Antiphospholipid syndrome (APS) is a systemic autoimmune disorder characterized by venous or arterial thrombosis and/or adverse pregnancy outcomes in the presence of persistent laboratory evidence of antiphospholipid antibodies (aPL).[1] The diagnosis of APS is according to the 2006 Sydney (revised Sapporo) criteria,[1] requiring at least 1 clinical manifestation and 1 laboratory criteria which are as follows: 1). clinical manifestation: arterial/venous thrombosis or pregnancy morbidity (unexplained fetal death at ≥10 gestational weeks, or preterm births beyond 34 weeks because of preeclampsia or intrauterine growth restriction (IUGR), or more than 3 times consecutive early pregnancy loss beyond 10 weeks); 2). laboratory criteria: aPL positivity on more than 2 times tests apart from at least 12 weeks, including lupus anticoagulant (LA), anticardiolipin (aCL) and anti-beta 2 glycoprotein 1 antibodies (anti-β2GP1) at medium or high titer.

APS has great probabilities leading to adverse pregnancy outcomes, which may bring pregnant women and their family with huge psychologic and economic burden.
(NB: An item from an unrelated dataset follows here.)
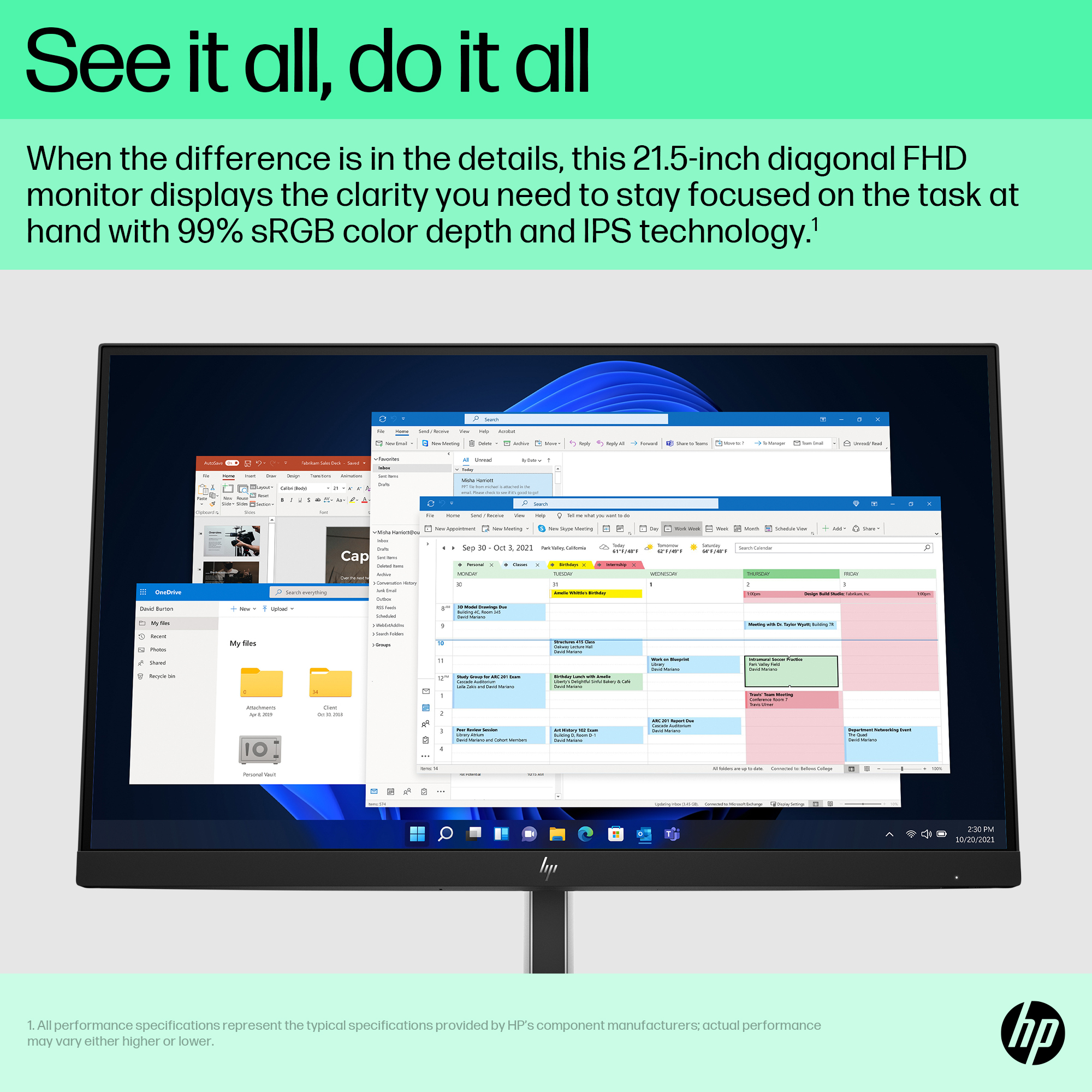 When the difference is in the details, this 21.5-inch diagonal FHD monitor displays the clarity you need to stay focused on the task at hand. With rich 99% sRGB color depth and IPS technology[1], you’ll see clear, vivid colors across wide viewing angles[2].

With the development of diagnosis and treatment of recurrent miscarriages and infertility before assisted reproduction procedures, aPL is taken as one of important immunologic indexes in the diagnostic protocols.[2] Therefore, a huge number of pregnant women are treated as non-criteria APS (NCAPS), with asymptomatic clinical manifestations, such as 2 unexplained miscarriages, 3 non-consecutive miscarriages, late preeclampsia, or 2 or more unexplained in vitro fertilization (IVF) failure; or with low positive aCL or anti-β2GP1. In women with recurrent miscarriages, only 10% of women could reach the diagnostic criteria of APS, while 15% of women reported to have persistent positivity of aPL, not fulfilling clinical criteria of APS or with low titer of aPL (95-99th centile).[3,4] The EUROAPS study in 2012 reported the women with non-criteria APS had similar pregnancy outcomes compared with women with APS and could also benefit from standard treatment for APS.[5] In a recent study, it has been reported that adverse pregnant outcomes related to aPL were identified in 17.7%.[6] Namely, despite being asymptomatic, those women are at increased risk of obstetric morbidity because of persistent presence of aPL. It has been demonstrated that aPL itself may be pathogenic and was associated with elevated possibilities of further pregnancy complications and mobidity.[7,8]
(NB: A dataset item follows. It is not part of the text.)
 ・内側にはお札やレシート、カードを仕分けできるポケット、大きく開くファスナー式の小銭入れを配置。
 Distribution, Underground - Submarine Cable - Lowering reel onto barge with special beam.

With respect to adverse pregnancy outcomes, thrombosis is not only happened in large vessels, but also referred to placental vascular which would result in placental insufficiency and associated with preeclampsia, IUGR, stillbirth and preterm delivery. aPL induced a direct pathogenic role such as a procoagulant and proinflammatory response in vascular and obstetric events,[1] especially triple aPL positivity, confirmed as the most significant risk factor by a large body of evidence.[9] Among them, either LA or anti-β2GP1, or both have been suggested as the highest risk factor associated with adverse events through different studies.[10-12]

The prognosis of pregnancies had improved greatly for APS, but 20-30% of APS women were still struggled in the way of having a healthy neonate even with conventional treatment of prophylactic heparin plus low-dose aspirin (LDA) in Europe.[4] And many researches had discussed the risk factors associated with adverse pregnancy outcomes, most of them were only restricted in APS, or merely involved NCAPS.[13]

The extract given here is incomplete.